Word for word, copy the lines from the one with "TASI TA804A är" to the last line of the data below, counting both, and keep every picture out.

(AVAILABLE DATA)

= Beginning of Section =

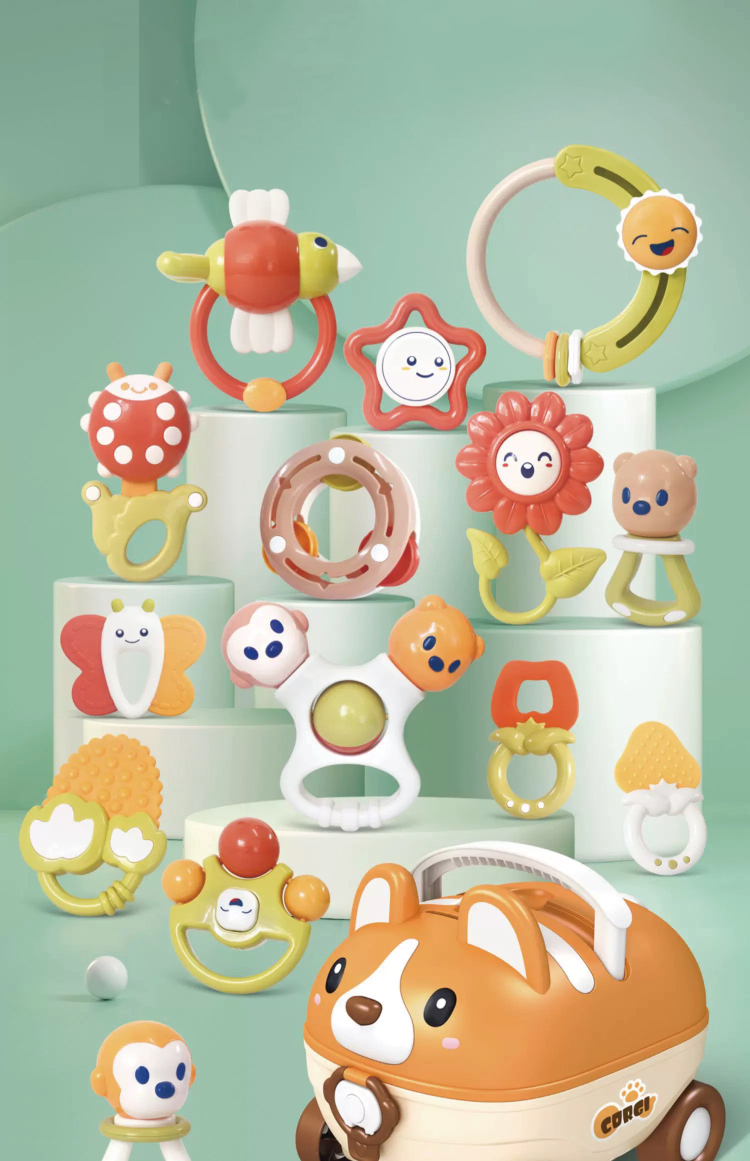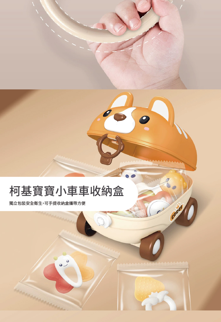 柯基寶寶手搖鈴固齒器 彌月禮盒 新生禮盒 玩具禮盒
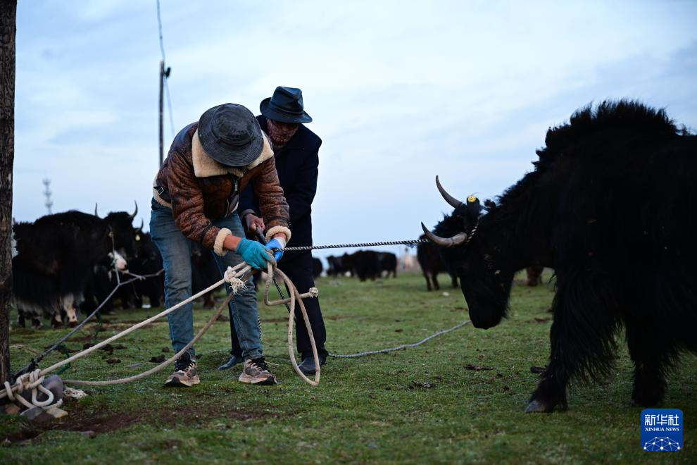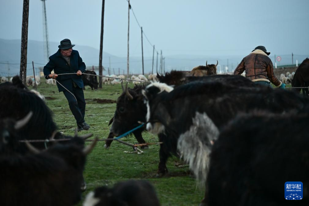 6月25日下午,万卓(左)与先巴尖措在临时休息点上拴牦牛,防止牦牛在夜间混入其他牧民家转场的牛群中。
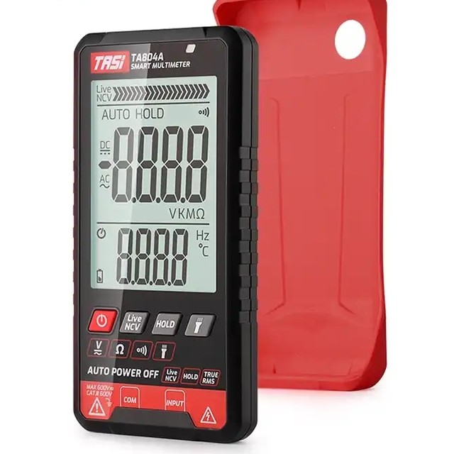 TASI TA804A är en smart multimeter som gör jobbet enklare genom att känna av vad du mäter och växla automatiskt mellan AC, DC, resistans och frekvens. Det gör att du kan fokusera på arbetet utan att vrida på några rattar. Den stora skärmen på 3,5 tum visar både digitala värden och en snabb analog stapel som ger en tydlig känsla för förändringar i signalen. Ett avtagbart skyddsskal och en stark LED-spotlight gör den praktisk att använda på trånga eller mörka ställen.
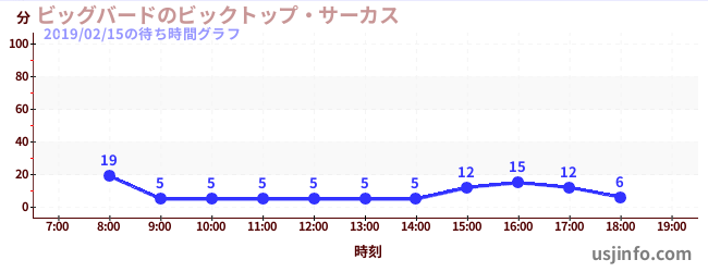 • ビッグバードのビックトップ・サーカス$B$N(B2019年02月15日の待ち時間

= End of Section =

(FINISHED EXERCISE)
 TASI TA804A är en smart multimeter som gör jobbet enklare genom att känna av vad du mäter och växla automatiskt mellan AC, DC, resistans och frekvens. Det gör att du kan fokusera på arbetet utan att vrida på några rattar. Den stora skärmen på 3,5 tum visar både digitala värden och en snabb analog stapel som ger en tydlig känsla för förändringar i signalen. Ett avtagbart skyddsskal och en stark LED-spotlight gör den praktisk att använda på trånga eller mörka ställen.
 • ビッグバードのビックトップ・サーカス$B$N(B2019年02月15日の待ち時間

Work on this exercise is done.